For the TRIUMF team, it was both exciting and nerve-wracking to watch their first completed Inner Tracker “petal” – a delicate construct of silicon sensors, carbon fibre and electronics, assembled partially by precision machines and partially by the skilled hands of technicians – depart for Diamond Light Source in Oxfordshire, England. It left Vancouver wrapped in layers of protective foam and accompanied by reams of paperwork.
Though the shipping process is rigorous and well-defined, it is still a tense experience for the project team.
“We did everything we could to make extra-sure it didn’t arrive in more pieces than it was shipped!” said Dr. Luise Poley, TRIUMF Project Scientist.
(image: Emily Filmer, TRIUMF Postdoctoral Researcher, with the completed Inner Tracker petal at Diamond Light Source)
That petal, built at TRIUMF and Simon Fraser University (SFU) detector facilities, was bound for a compact testing room within Diamond’s B16 beamline and downstream of its synchrotron particle accelerator. There, under the pinpoint focus of an x-ray beam approximately one-tenth the size of a human hair, the structure underwent its first major validation, which serves to verify the wider production process and brings the team one critical step closer to embarking on the construction of 100 such petals for the ATLAS detector at the Large Hadron Collider.
Watching the beam skim across the surface, Poley and colleagues Matt Basso (TRIUMF), Emily Filmer (TRUMF) and Dennis Sperlich (University of Freiburg) saw months of painstaking effort pay off.
“It was amazing to see all of our hard work validated in real time,” said Poley. “While each petal undergoes multiple quality control procedures, this test at Diamond was the final confirmation that all the individual parts – tapes from Slovenia, carbon cores from Spain, sensors from Japan, modules from Canada – fit together and function as intended and have the alignment precision they are meant to have. It’s a single test to confirm that all petals should function as designed.”
Inner Tracker upgrades for the next era of ATLAS science
Canada’s connection to the ATLAS detector stretches back to the early 1990s, to before Canada officially joined the LHC collaboration in 1996. Since then, Canadian researchers have been leading or supporting in a variety of capacities, including designing, building, operating and maintaining the massive detector.
Now, through TRIUMF, Canada is helping to rebuild it. The upcoming High-Luminosity LHC (HL-LHC) will deliver more collisions and more radiation than ever before, and the existing tracking system must be replaced with something entirely new: the Inner Tracker, or ITk.
TRIUMF is one of four main sites worldwide fabricating “petals” for the ITk endcaps (large discs that cap either side of the barrel-shaped ATLAS detector) alongside partners in Toronto and Spain.
In total, Canada is responsible for approximately 1,500 of the 7,000 silicon strip modules that will make up the end-cap system; with the strip sensors in the main horizontal barrel, the Inner Tracker will total 18,000 sensor modules covering 160 m2.

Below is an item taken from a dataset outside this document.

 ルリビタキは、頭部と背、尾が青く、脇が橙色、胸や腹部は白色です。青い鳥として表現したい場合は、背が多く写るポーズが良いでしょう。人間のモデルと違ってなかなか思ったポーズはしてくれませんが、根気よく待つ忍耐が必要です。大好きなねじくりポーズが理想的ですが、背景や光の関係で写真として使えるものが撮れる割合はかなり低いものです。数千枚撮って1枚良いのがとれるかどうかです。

Each sensor is unthinkably delicate: strips just 75 microns wide and 25 millimeters long register the passage of subatomic particles, allowing researchers to trace their paths with exquisite precision. Further, each petal comprises six unique sensor geometries, leading to six different module types. Assembling them into uniform, reliable petals requires exacting standards – and deep collaboration.

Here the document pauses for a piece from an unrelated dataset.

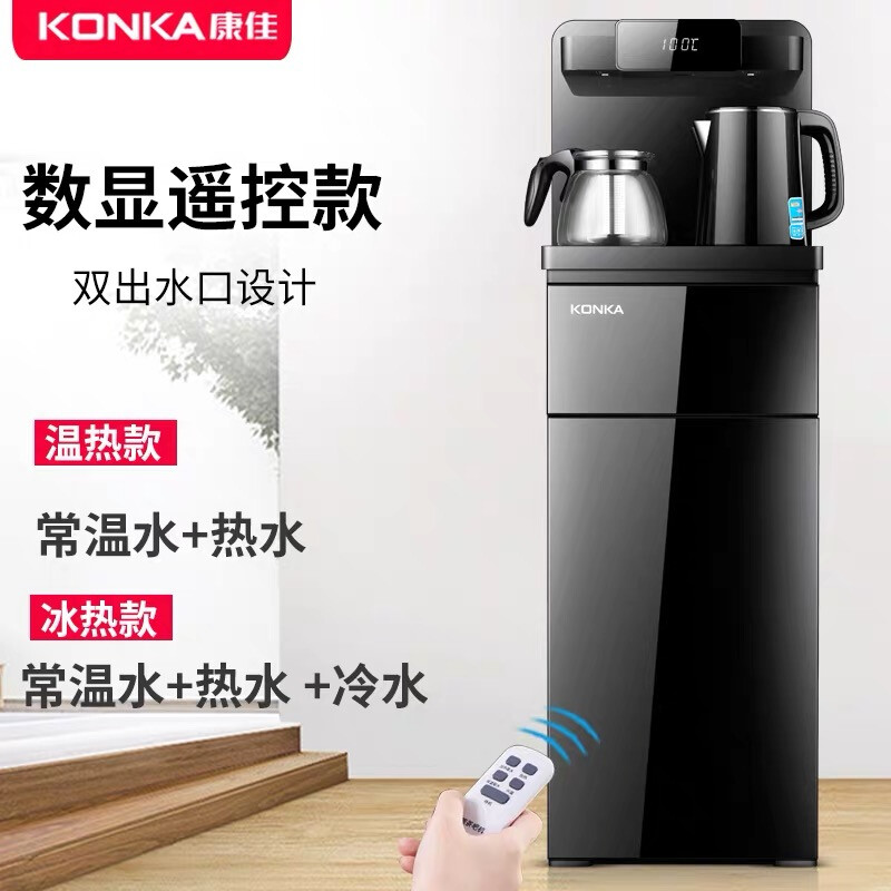 康佳(KONKA)下置水桶全自动饮水机家用办公立式冷热小型桶装水智能茶吧机 黑色+遥控+靠背板 温热

“With all of the various production sites, there are so many different groups working across so many countries that need to interface to be able to produce these petals, all of which need to be designed and manufactured to be exactly the same,” said Poley. “So, part of this success is also a validation of our ability to work collaboratively across borders.”
(image: Poley, left, and Dennis Sperlich adjust the petal)
At Diamond Light Source, TRIUMF’s petal was put through its paces. Only select regions could be tested – the beam is so fine that scanning the entire petal would take more than a year. However, even those checks were enough to confirm crucial details: alignment, dimensions, and the hermetic coverage needed to ensure that no particle of interest goes untracked as it travels through metres of some of the most extreme radiation environments ever produced in a scientific experiment.
The success is a testament to TRIUMF’s strong connections to European science infrastructure and the international physics community and leveraged contributions from Diamond Light Source (which provided in-kind support with six valuable days of beamtime), the University of Freiburg, and colleagues at the Rutherford Appleton Laboratory (RAL) in the UK.
(image, from left: Dr. Bruce Gallop (RAL), Basso, Filmer, and Sperlich)
With the validation complete, teams from TRIUMF and SFU are now looking ahead to production at scale. The goal is to establish a workflow capable of producing two modules per day, supporting a production cadence of three petals per month for the next three years.
The journey of a single petal, carefully packed and shipped across the Atlantic, is only one small chapter in a vast global project. But for the joint TRIUMF/SFU team, seeing it withstand the scrutiny of Diamond Light Source beam was a powerful reminder of why the years of effort matter. Each successful test brings ATLAS one step closer to being ready for the HL-LHC, and one step closer to the new discoveries it promises to reveal.